Dondurmacının önünden kafası kadar dondurma dolu külahla çıkan çocuğu gördü.
Peşinden sürüdüğü vagona oyuncaklarını taşıyordu.
“Hay
bin lanet! Ortama gel.”
Dondurmacıya
girince satıcıyı gözleri aradı. Önünden onu ittiren çocuk külahına istediği
dondurmayı koyarken artık çileden çıktı.
“N’oluyor
burada? Allah aşkına biriniz bir laf etsin.”
Kolunda
sarstığı çocuk kulağına yaklaştı.
“İsyan
başladı. Anneler ve babalar gitti.”
“Ne
isyanı ne diyorsun?”
“Bizi
düşünmeden kavga ettiler.”
“Ee
sonra, bunca çocuk ne yaptınız buraya?”
“Öylece
yaşadık.”
Ellerinden
kurtulan çocuk son soruyu duymadı bile.
“Büyükler
nerede peki?” Sonra geldiği dünyayı hatırladı. Çocukların isimlerinin bile okunmadığı
dünyayı. Kendi kendine cevapladı.
“Nerede
olacak cehennemin dibindeler.”
Sokaktan
park edilmiş bisikletleri gördü. Etrafta sahiplenen biri var mı diye bakınca
kimseyi göremedi. Sokağına doğru pedal
bastı. Gerisin geriye evine girdi. Bahçe kapısını kapattı. Evin içine girdi.

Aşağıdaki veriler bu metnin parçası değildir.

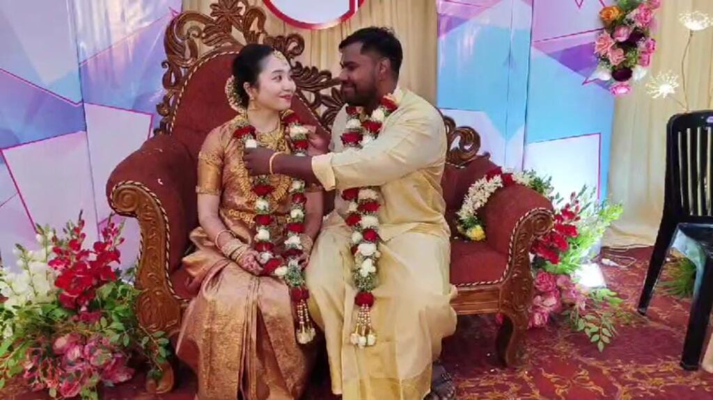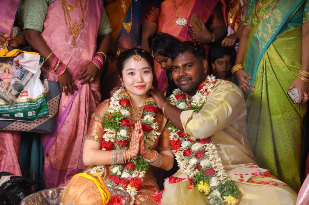 அப்போது ராஜேஷுக்கும், அதே நிறுவனத்தில் பணிபுரிந்து வந்த ஜப்பான் நாட்டைச் சேர்ந்த மியூகி என்ற பெண்ணும் காதல் ஏற்பட்டு, இருவரும் கடந்த ஓராண்டாக பழகி வந்துள்ளனர். இவர்களது காதலுக்கு பெற்றோர் பச்சைக் கொடி காட்டவே கடந்த 8 மாதங்களுக்கு முன் சென்னையில் இருவருக்கும் நிச்சயதார்த்தம் நடைபெற்றது. இந்நிலையில் நேற்று ராஜேஷ் – மியூகி ஆகியோரது திருமணம் தமிழ் முறைப்படி திருமழிசையில் உள்ள தனியார் மண்டபத்தில் விமரிசையாக நடைபெற்றது.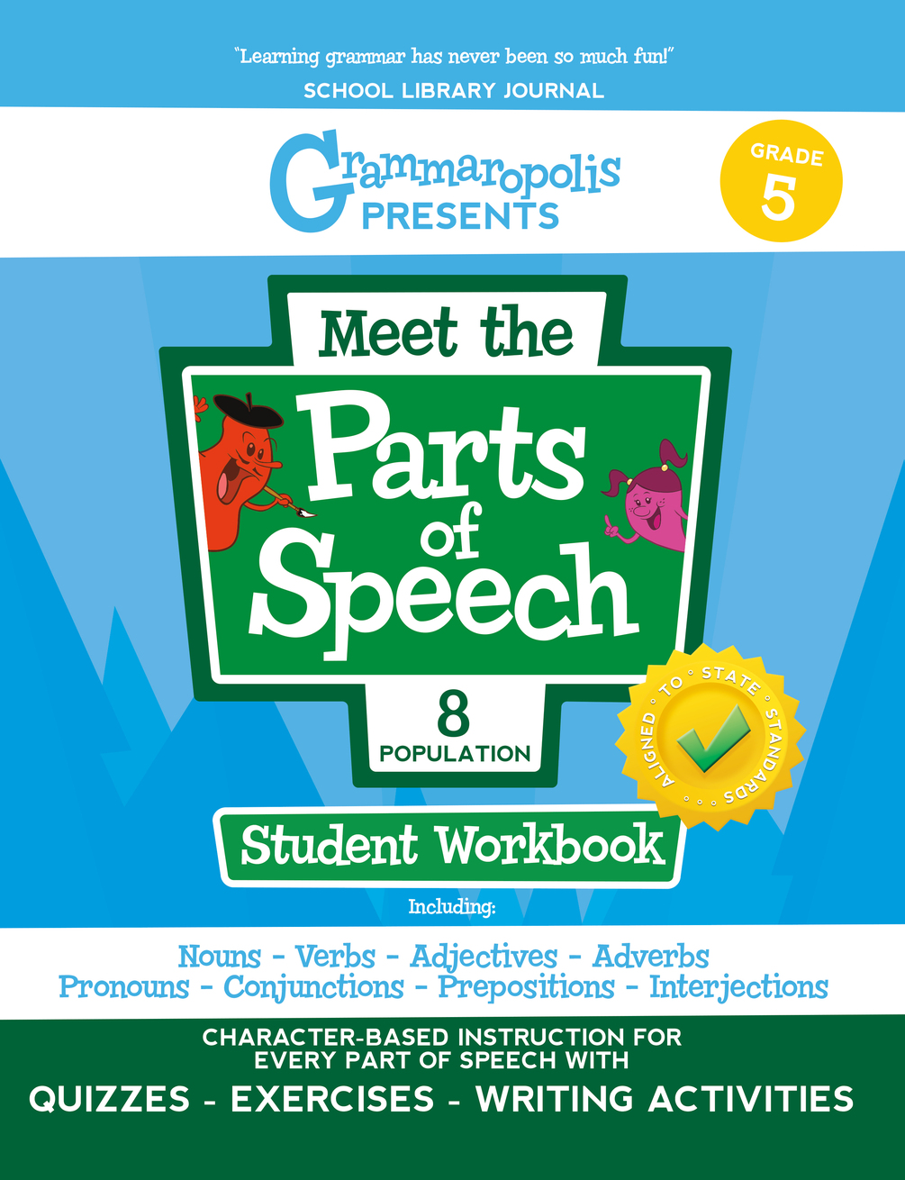 Visit a neighborhood for every part of speech! This skill-building workbook for fifth grade features our revolutionary character-based instruction along with assorted comprehension checks and fun writing exercises.

Her şey yerli yerindeydi bir şey hariç. Duvarda ne fotoğraf vardı ne de
çerçevenin izi. Burası onun evi olamazdı. Annesi babası olmadan olmazdı. Kapıyı
çekip kendini bahçeye attı. Cebindeki paketi yoklayıp kalan son sigarasını
yaktı. Sandalyesine oturdu. Ayağında hissettiği karıncaya bu sefer parmağını
uzattı. Uçsuz bucaksız maviye fırlattı.
“Cehennemin
dibine.”
Badanası dökülmüş duvara izmariti sürterken bahçenin gerisinden yükselen bina gözüne takıldı. İçeri girdiğinde endişeyle duvara baktı. Fotoğraftaki tombul bebekle göz göze gelince rahatladı.